The concrete process for testing the corrosion depth of the cement soil pile in the embodiment comprises the following steps:

(1) Firstly, welding a base bracket 1, then welding a cross beam 16 and a diagonal brace 19 on the base bracket 1, ensuring that the cross beam 16 is welded on the symmetry axis of the base bracket 1, determining the position of a motor 13 after the cross beam 16 is welded, and welding a motor supporting plate 17 on the cross beam 16 as shown in fig. 4;

(2) The steel teeth 15 are welded on the two surfaces of the force application rod 4, the gear 14 and the force application rod 4 welded with the steel teeth 15 are installed, the gear 14 and the force application rod 4 are guaranteed not to loosen, after the fixing is finished, the motor 13 is installed on the motor supporting plate 17 through high-strength bolts, and tight occlusion between the gear 14 on the motor 13 and the steel teeth 15 is guaranteed;

(3) After the force application rod 4 is installed, the spoke sensor 12 is installed between the force application rod 4 and the probe rod 6 by using bolts, the bolts are ensured not to be loosened when being screwed, and a transmission wire of the spoke sensor 12 is penetrated out of the rod of the force application rod 4 and is led to an external detection device; after the spoke sensor 12 is installed, the probe 5 is welded to the bottom end of the probe rod 6;

(5) The steel clip 18 is welded to the top end of the reaction frame 1, as shown in fig. 5, the connecting rod 10 and the reaction frame 9 are connected together through the reaction nut 2, and then the connecting rod 9 and the steel clip 18 are fixed together through the bolt 7 and the nut 8, so that the whole device is installed;

(5) After the device is installed, digging a soil groove with the height similar to that of the device on one side of the cement soil pile to be tested, placing a counter-force plate 3 on the opposite side of the cement soil pile to be tested, as shown in fig. 1, placing the whole device into the soil groove, and adjusting four counter-force nuts 2 to enable the whole device to be tightly close together between the cement soil pile and the counter-force plate 3, so that the cement soil pile to be tested cannot loosen;

(6) And adjusting the probe 5 to enable the probe 5 to be clung to the surface of the cement soil pile to be tested, connecting the spoke sensor 12 to a test computer through a transmission wire after the probe 5 is adjusted, debugging, then starting a power supply to test, determining whether the cement soil is corroded according to the test value of the spoke sensor 12 displayed by the test computer, and determining the corrosion depth of the cement soil pile according to the working time of the motor.

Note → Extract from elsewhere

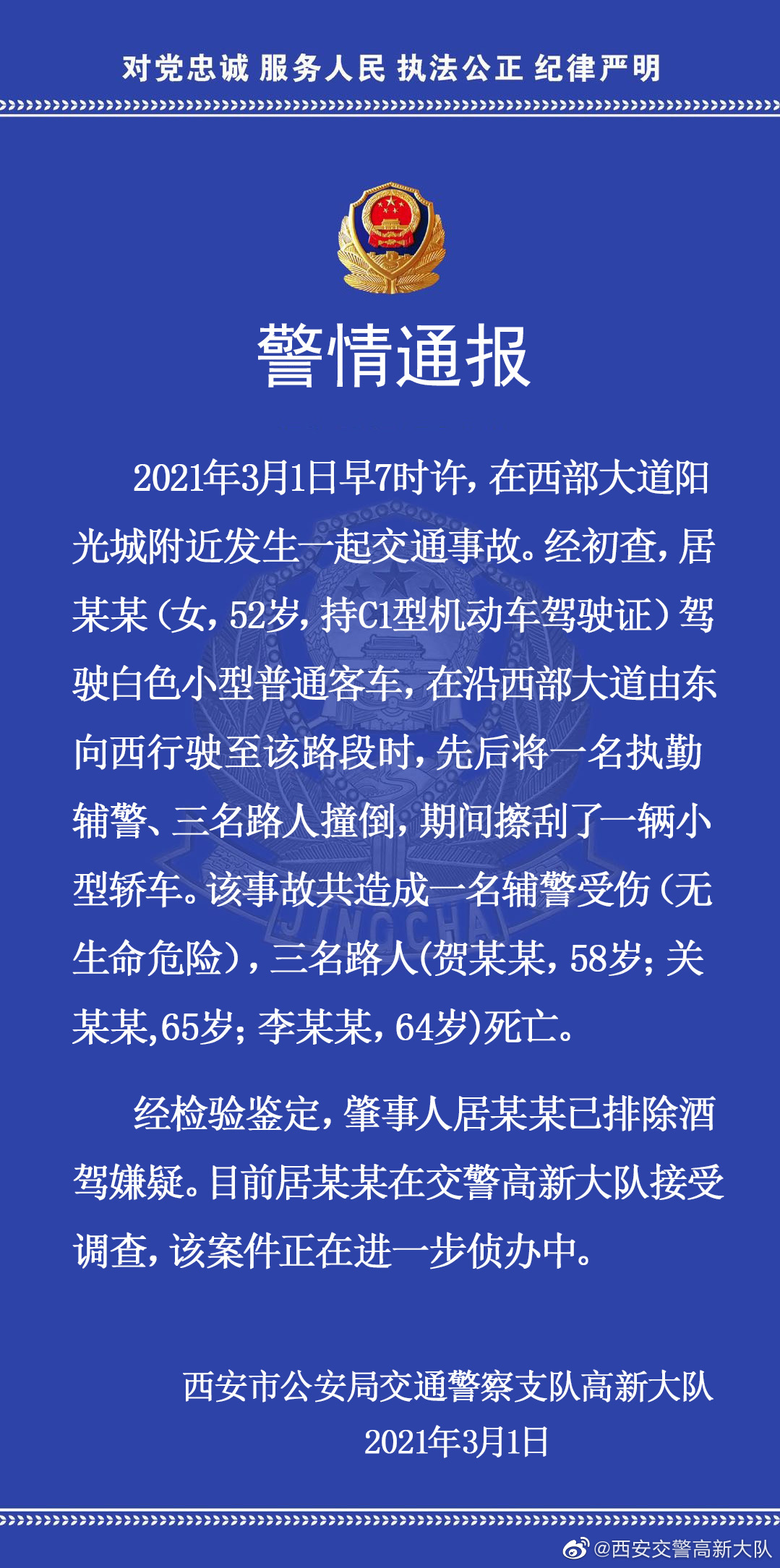 陕西西安一女子驾车致3人死亡 一名辅警受伤

Before the test method is used, the rotating speed of the motor is firstly determined, the penetration depth of the probe is converted according to the rotating speed and the rotating time of the motor, before measurement, the probe 5 is adjusted to be clung to the surface of the soil pile to be tested, after the probe 5 is adjusted in place, the reading of the spoke sensor 12 is determined, the test is carried out after the reading is cleared, the corrosion depth of the soil pile to be tested is determined according to the rotating time and the rotating speed of the motor, and the concrete strength of the soil pile surface to be tested is directly measured according to the spoke sensor 12.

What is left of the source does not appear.